== Task to carry out ==
Every line from the one holding "Interiör, Wien. Del" through the one holding "可以有效地克服 Adagrad 学习率收敛至零的缺点。AdaDelta" in the data below must be returned exactly, both ends included, with pictures left out and nothing else added.

== Listed records ==
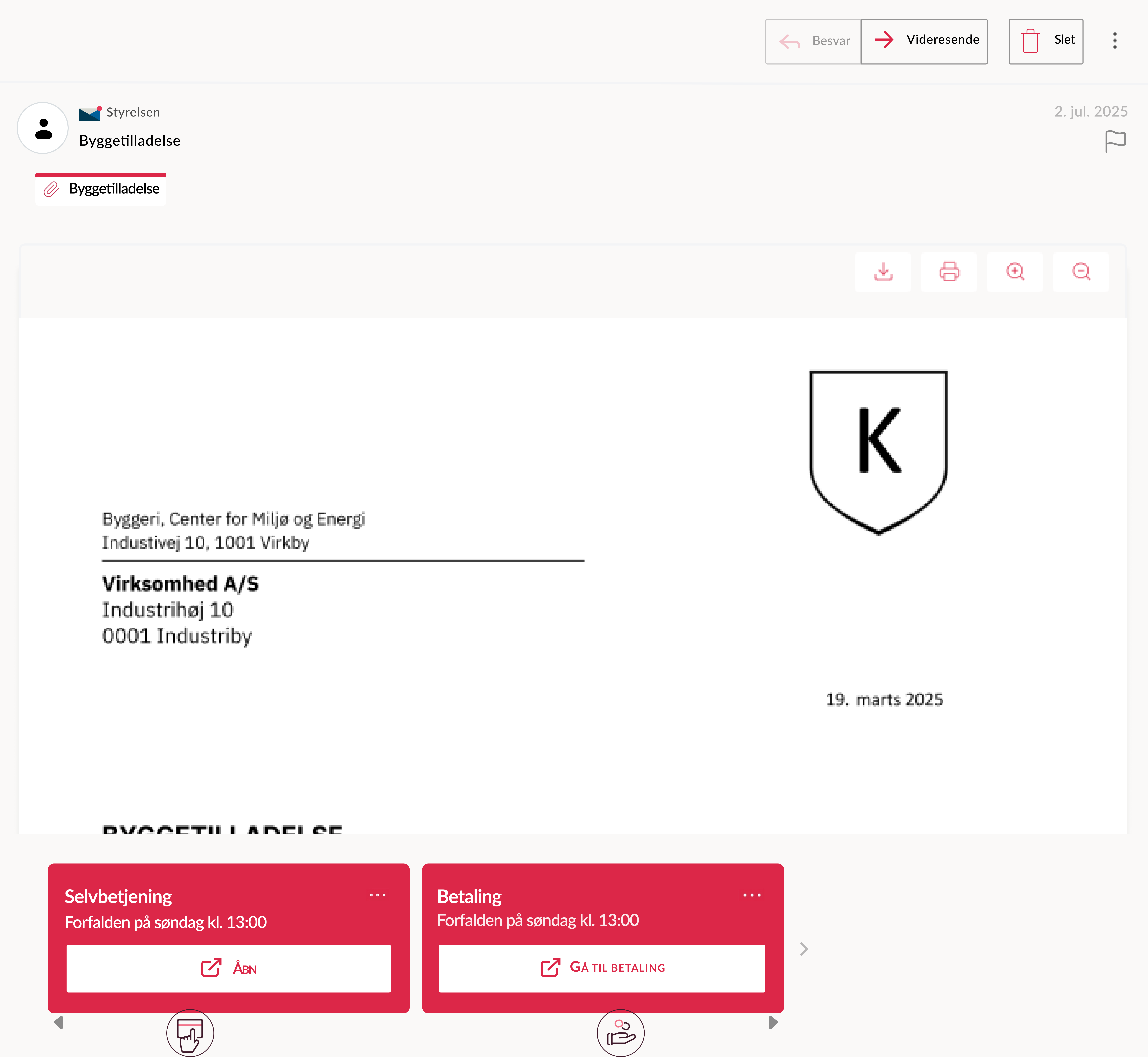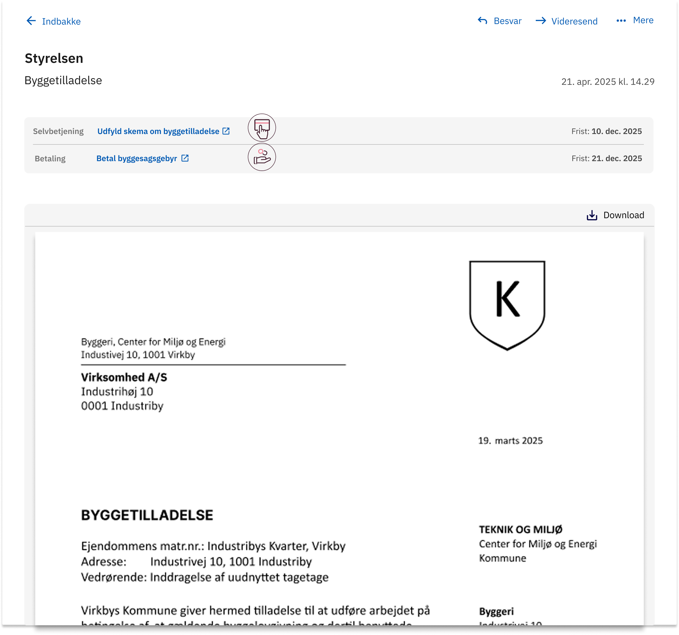 I forbindelse med byggeriet skal virksomheden desuden betale et byggesagsgebyr. For at gøre det lettere for virksomheden og dermed øge sandsynligheden for, at virksomheden betaler til tiden, har kommunen valgt at medsende et link til en betalingsløsning og fremhævet en betalingsfrist.
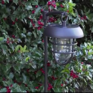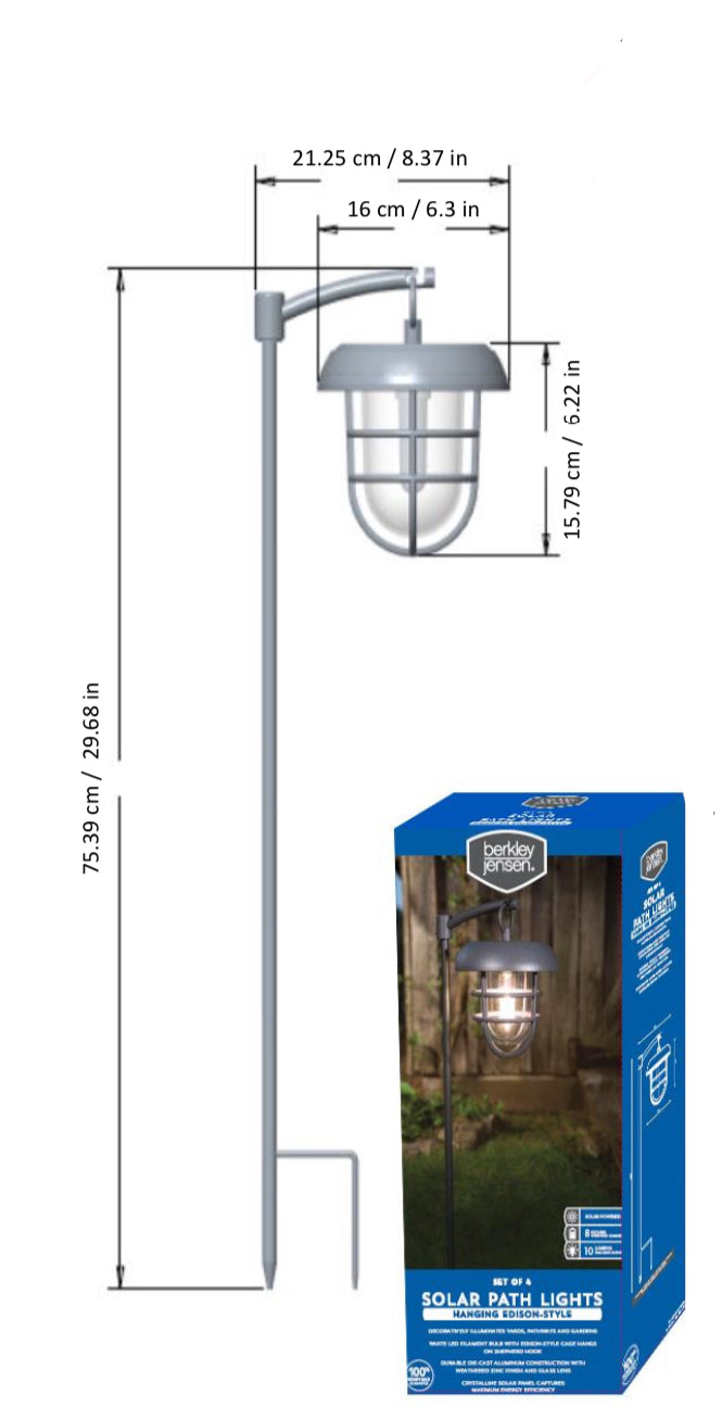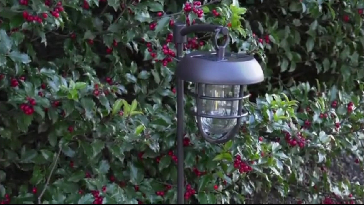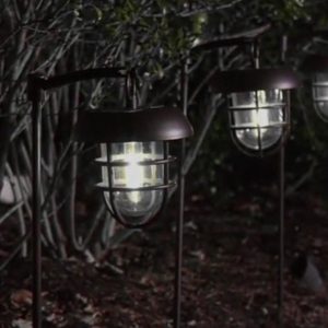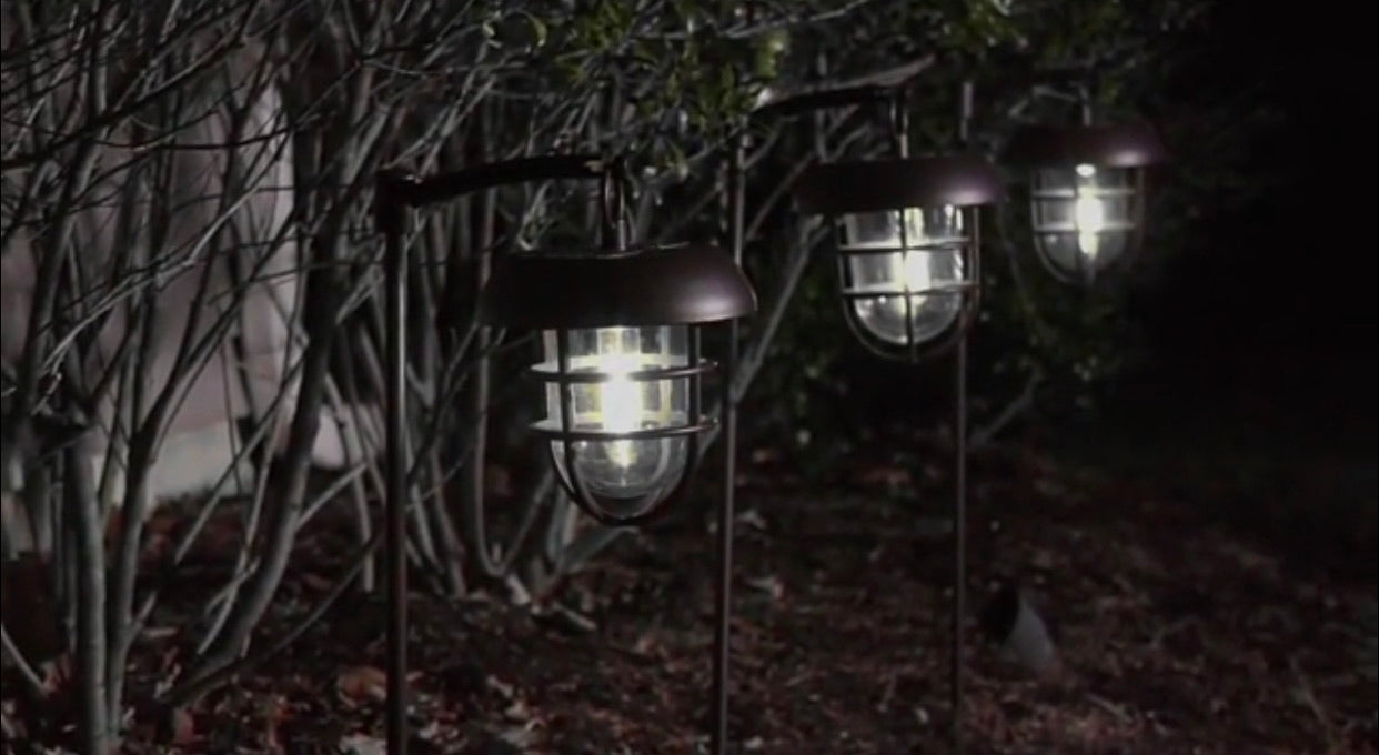 Lighteme LED Solar Hanging Lights on Shepherds Hook Metal Pole (Set of 4)
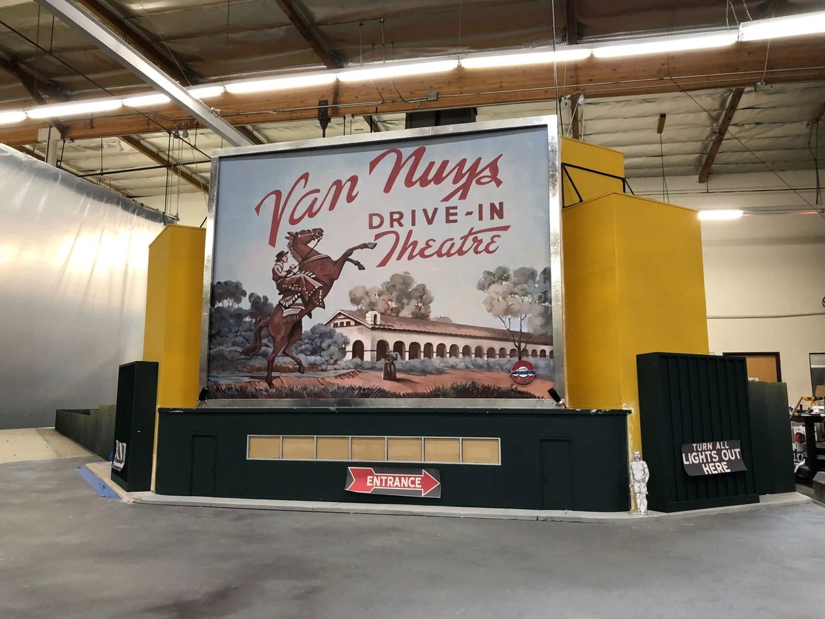 Pandora’s Box – a club on Sunset Strip – had been demolished so Ling recreated it in a café. The James Dean mural was created for the movie. And the Van Nuys Drive In was made as a large-scale miniature.
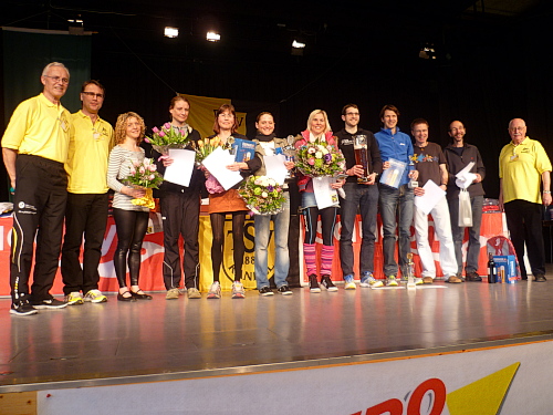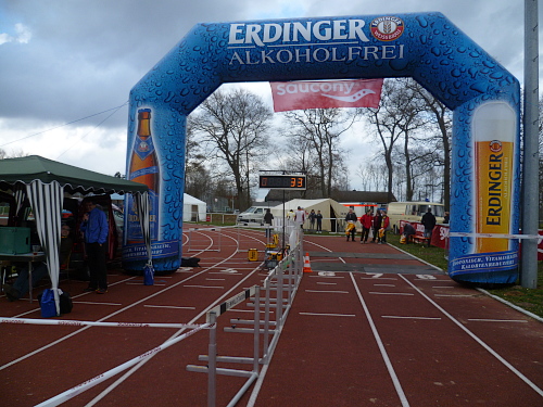 In der kleinen Halle wird die Siegerehrung vorbereitet. Rekorde sind heute keine gefallen. Trotzdem bewundern wir die gelaufenen Zeiten; vor allem die Leistungen der Altersklassenathleten sind wirklich herausragend.
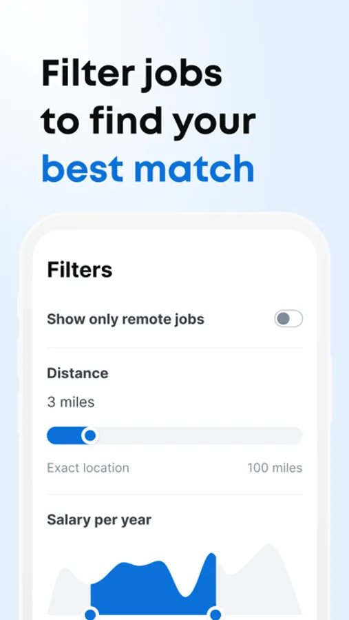 Use Jooble to research job roles based on your search queries and set your preferred geographical location as per your needs. You can set geographic preferences to find the convenient country/state/city/and select jobs that fit your experience and skills. Download the app, create your account without a Jooble resume, and get instant access to the best job search service.
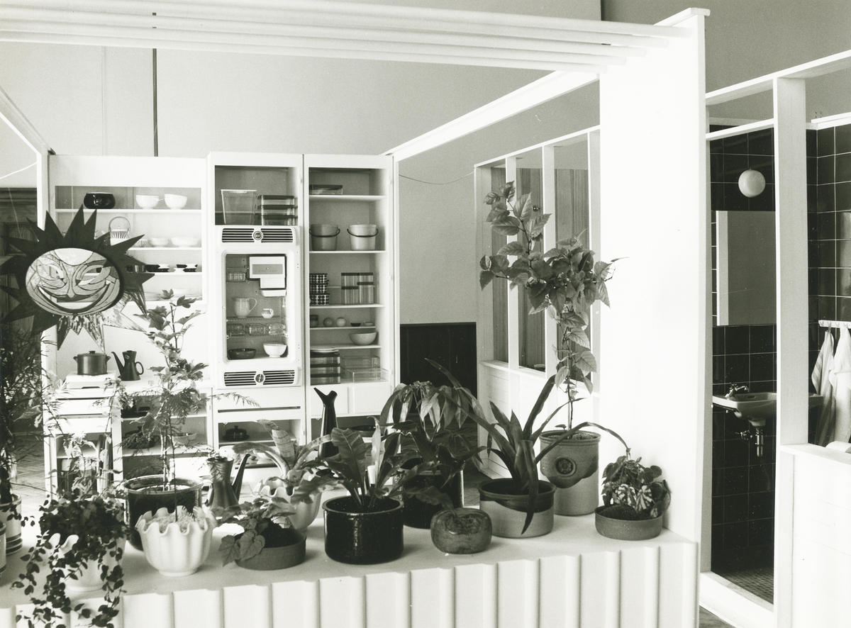 Interiör, Wien. Del av utställningen Kunstlerisches Schaffen und Serienproduktion 1960 på Österrikes konstindustrimuseum.<br>Ytterkrukor för blommor från Gustavsbergs Fabriker.<br>
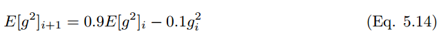AdaDelta 使用最近历史梯度值缩放学习率,并且和经典的动量算法相似,累积历史的更新以加速学习。AdaDelta 可以有效地克服 Adagrad 学习率收敛至零的缺点。AdaDelta 将累积过去平方梯度的范围限制在固定窗口 w 内,取代了经典动量算法累积所有历史梯度值的做法。在时间 t 运行的平均值计算 E[g^2](t) 依赖于过去的平均值和当前的梯度值。因此,该平均值计算可以表示为:
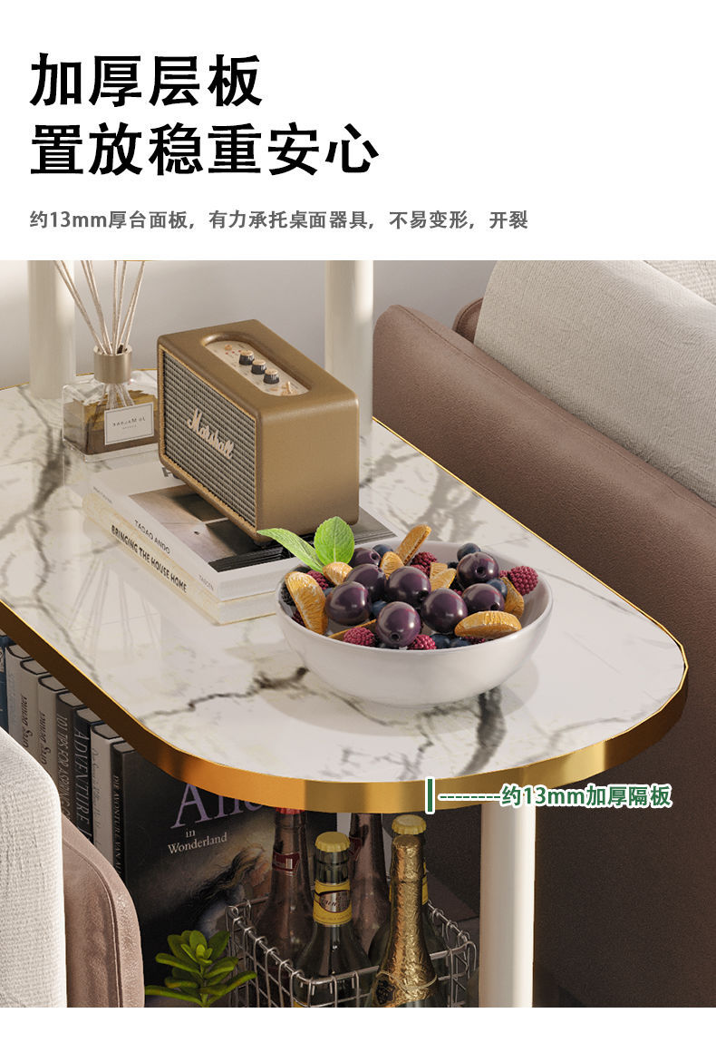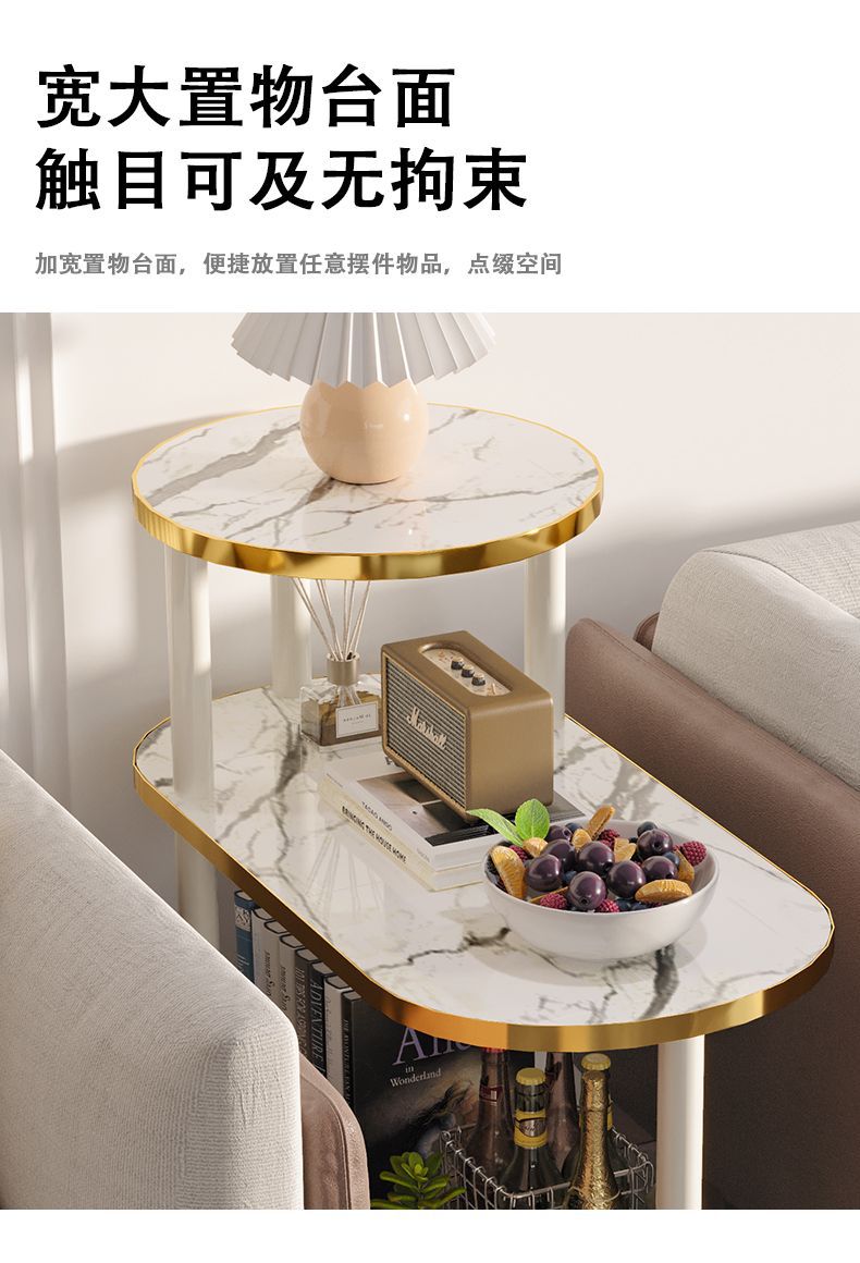 침실 이동식 소파 사이드 테이블 커피 테이블 작은 아파트 암판 대리석 가장자리 장식 거실 솔리드 우드 스토리지 랙
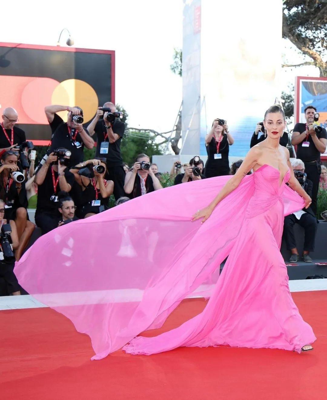 一身死亡芭比粉的斯維娃·阿維蒂,配合紅毯上恰到好處的風,完美複製了夕陽紅旅行團大媽打開絲巾,在著名經典打卡的經典pose。
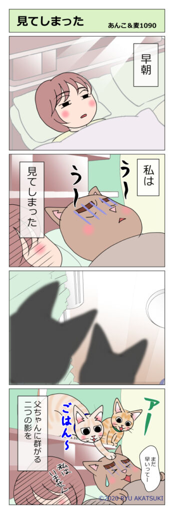 あんこ&麦1090 見てしまった 2020年03月06日 まだ早い朝。ふと気づいて見ると… たかられてる~ 古い映画ですがヒッチコックの鳥と言う映画がありまして…一瞬そういうイメージでした スイッチの入った奴らの攻撃はやみません今までは麦の単独攻撃でしたが連合軍には勝てません父ちゃんは根負けしてご飯あげ ... 続きを読む

== Expected answer ==
 Interiör, Wien. Del av utställningen Kunstlerisches Schaffen und Serienproduktion 1960 på Österrikes konstindustrimuseum.<br>Ytterkrukor för blommor från Gustavsbergs Fabriker.<br>
AdaDelta 使用最近历史梯度值缩放学习率,并且和经典的动量算法相似,累积历史的更新以加速学习。AdaDelta 可以有效地克服 Adagrad 学习率收敛至零的缺点。AdaDelta 将累积过去平方梯度的范围限制在固定窗口 w 内,取代了经典动量算法累积所有历史梯度值的做法。在时间 t 运行的平均值计算 E[g^2](t) 依赖于过去的平均值和当前的梯度值。因此,该平均值计算可以表示为:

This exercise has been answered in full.